People that say they prefer movies to books make me so angry. I'm talking really, really angry. But it also puts me in a really patronising frame of mind which, coupled with me being really angry, is never going to end well. When someone tells me they 'find reading really boring', I immediately assume they are the most mindless, unimaginative thickos to walk the planet. Reading a book and watching a film just aren't on the same level and they never can be. It's utterly impossible. 

In reading a book the author is creating the framework of the story but it is up to you to really flesh it out in your mind. A writer can tell you that the main protagonist has curly hair, but it gives you leeway to imagine just how curly that hair is. Does it twist around the shell of his ear? If you pull it does it spring back into place? Does he wash it every day? A book gives you the story but leaves you with enough space to create your own meaning to it, something that film just cannot achieve. Everything within film is chosen for you - you don't have the choice of deciding just what kind of curly hair the guy has because it's been chosen for you in some casting office in the centre of sunny Hollywood. And when the guy with just the right type of curly hair has been chosen, he probably went and got a coffee or maybe he met up with his girlfriend or did his laundry. You don't have that in books, your own personal character is immortalised. He'll never get drunk and throw up and gets caught by the paparazzi with little chunks of puke in his hair, because the author hasn't told you that happens and you don't want it to. You get to decide.
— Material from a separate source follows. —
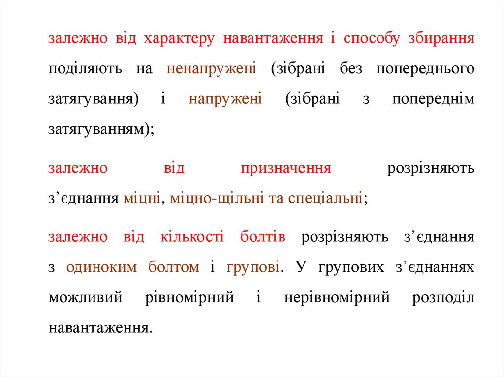 залежно від характеру навантаження і способу збиранняподіляють на ненапружені (зібрані без попереднього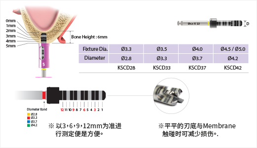 - 在剩余骨的高度低于3.5以下的情况下,请注意进行钻孔

I think that's the reason so many book-lovers (myself included) always come away saying from a film saying, 'it was good but the book was better'. You create a character that only exists in your head and as soon as they've been turned into someone elses take of the character, that's it, the illusion is shattered and your character is dead. I recently went to the cinema to see a film adaptation of my favourite book, 'We Need To Talk About Kevin'. Tilda Swinton plays Eva and the reviews said she did it well. And I suppose, on an acting level, she did play her well. But she wasn't my Eva. She wasn't the character that I had grown to love, the character I'd go on to wonder what had happened to, everything from the colour of her eyes to the way she moved was wrong for me. I'd let my imagination run wild and then the film was released and everything was reeled back in. Cinema narrows the imagination and pushes it into someone else's box, reading causes the imagination to explode and take flight, and if I can do that for even one person, I've achieved everything I could ever hope for.